Chapter 4. King Arthur, the Saxon Settlement of Basingstoke, Early Christianity and The Dark Ages


Eventually Rome, weak and corrupt, was sacked by the Visigoths and their mates. Now there was nothing to stop the Vikings from taking vacations in Britain. Pillaging and raping the soft Anglo-Romans was the number one holiday activity of the ancient Danes, much to the amusement of the Picts and Celts in Scotland & Wales. It is a little known fact that King Arthur was actually crowned at Calleva Atrebatum around this time, before leading the ancient Brits in war against the Saxon invader. Arthur's shimmering image that shines down to us through the ages endured as a reminder of the austerity of Rome that had tamed and trained us so well.

Although there is no conclusively proof that Arthur visited Basing House, it is a certainty that he would have done. Eventually, however the Saxon triumphed defeating the ancient magic of Merlin, who embodied the last great incarnation of druidic power, as Quezacoatl, the Green man, his power wanes and receedes, merging with the Earth Mother, surviving today in the spirits of ancient Yew trees, such as the one to be found at Calleva. Of course today we are told that these yew trees were planted within the last few hundred years in church yards rather than the reverse as we will shortly show.

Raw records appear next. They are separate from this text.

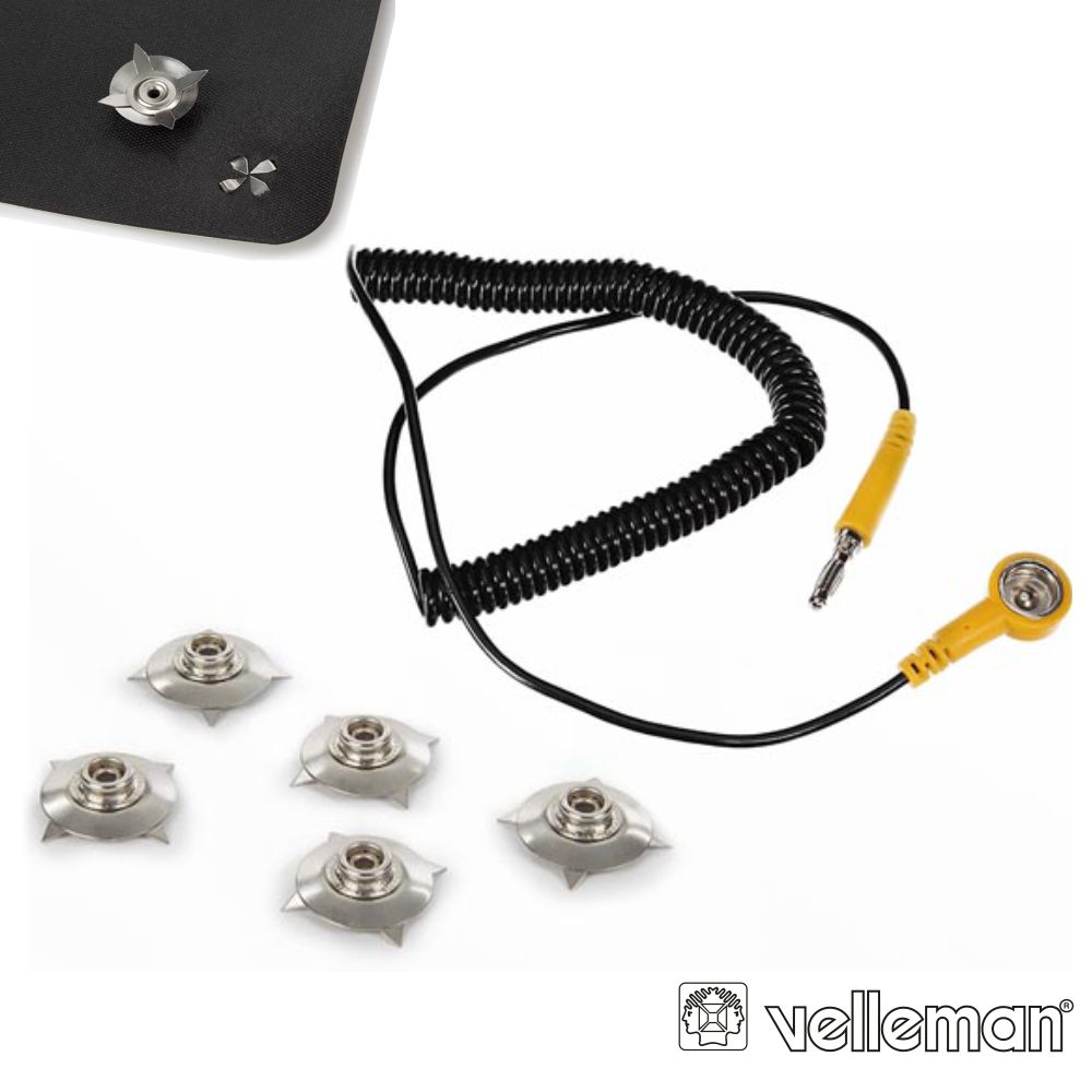 - Cabo d eligação à terra - Inclui conjunto de 5 ilhós - Proteção descarga electrostática ESD - Comprimento total: 1.8 Metros - Diâmetro do cabo: Ø1.8mm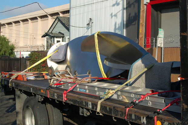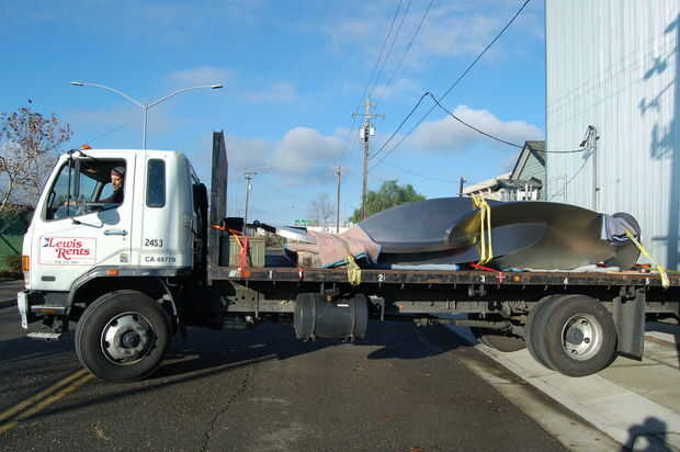 Esta pieza acabó mide casi 18 pies de altura y pesaba alrededor de 1.700 libras para llegar al sitio no era trivial. Me alquilan un camión de cama juego de 24 pies y quitar las canastas para cargar la pieza con el puente grua en mi estudio. Sujeta firmemente la pieza y trajo todas las herramientas necesarias para la instalación. Si no eres consciente, cualquier jackass (suya realmente) con una clase C licencia de conducir puede alquilar un camión grande como el ilustrado aquí, carga con todo tipo de cosas locas y rodar por la carretera. Mi consejo es mantenerse alejados de dichos vehículos siempre que sea posible!
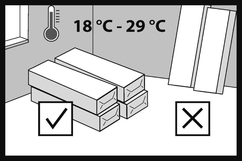 Pardoseala trebuie depozitată în ambalajul original, în încăperea în care urmează să fie instalată, timp de cel puțin 24 de ore pentru a se aclimatiza. Temperatura ambientală trebuie să fie între +18°C și +29°C.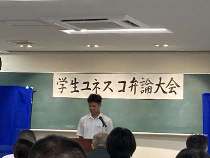 9月28日(土)ユネスコ弁論大会 公開日 2024/09/28 更新日 2024/09/28 北中NEWS 第72回学生ユネスコ弁論大会に、本校3年生徒が参加しました。自分の意見を堂々と発表する姿が立派でした。

So it was that the Saxons became next to occupy Båssing Haus. Like all invaders of Britain, the Saxons intermarried and had generally gone native within a generation. They became known as Anglo-Saxons. The Anglo Saxons founded the village of Båssing Støken which means "near Basing". Much later came the Normans who re-named everything much as we know it today, although it wasn't until William Caxton & Gutnberg nicked the printing press off the Chinese that anyone even remotely began to agree on fpelling.

It was during this post Roman era that Christianity first entered Britain and pagan beliefs came under attack from the misguided fanatics that preaced the message of Christ as had been subverted by Rome as a means to maintain its empire. Eventually of course this led to the Spanish Inquisition and the horriffic perversions of Thomas de Torquemada. Again it wasn't until the invention of the printing press and the release of the best-selling Gutenberg Bible that the common man or woman had any access to the actual text of the Bible. Even today we are only just beginning to realize that message of Jesus is much the same as that of the Beatles. In this enlightened information age in which we now live it is amazing to discover what a joke most of history has been and how insane those who still expect us to kill and commit acts of violence in the name of Christ really are. It was a couple of hundred years after the crucifiction before the crumbling Roman empire realized that this new religion held the key to its continuing power. Rome quickly wrote down and relesed its 'official' version of the New Testament - one that left out as much of the anti-Roman stuff as possible. The barbarians who had sacked Rome, being barbarians, had never really established any kind of self-imposed order and so spent most of their time fighting with each other. It wasn't long before missionaries and saints were capitalizing on this mess by convincing everyone that they would burn in hell unless they gave the church lots and lots of money. They were extremely successful and plunged Europe into the Dark Ages.

In the days of the Greeks Erasthones had proved that the world was round and had calculated it's size almost exactly, during the Dark ages it was an offense punishable by death to believe in Australia. It was during these unfortunate times that churches were built by the early saints on the ancient sites of druidic power such as yew tree plantings. Silchester is a classic example of this.

Eventully the renaissance came, Michealangelo began carving naked people and Leonardo tried to invent the helicopter and things have pretty much continued to improve since then, although there will always be those that just don't quite get it. Hitler was a classic example of this kind of anti-social bastard. The Third Reich was a blatant attempt to once again ressurrect the ghoul of the Roman Empire. Hitler's ideas will always have a lot of appeal to weak-minded individuals who are insecure and unhappy with themselves, incapable of making decisions and choosing a direction for their lives, people who find reasons to hate. The idea of order over chaos sounds great until we see its consequences which are inevitably catastrophic and horrific. Order implies and requires a heirarchy, it is the few at the top who get all the benefits and the masses at the bottom who are exploited, having been hypnotized by politics, religion, rhetoric, fear or brute force into becoming their masters' slaves. We can thank old Adolf for one thing though, making the evil inherent in his philosophies transparently clear. It is sad that today moronic racists and power-hungry dictators can still use these same tricks to fool the blind and greedy into following them, but by simply replacing hate with love we can tackle the new millenium with hope. If you're not hypnotizing yourself someone else is hypnotizing you. Hey, kids, don't fear the reaper, embrace chaos and stay in school.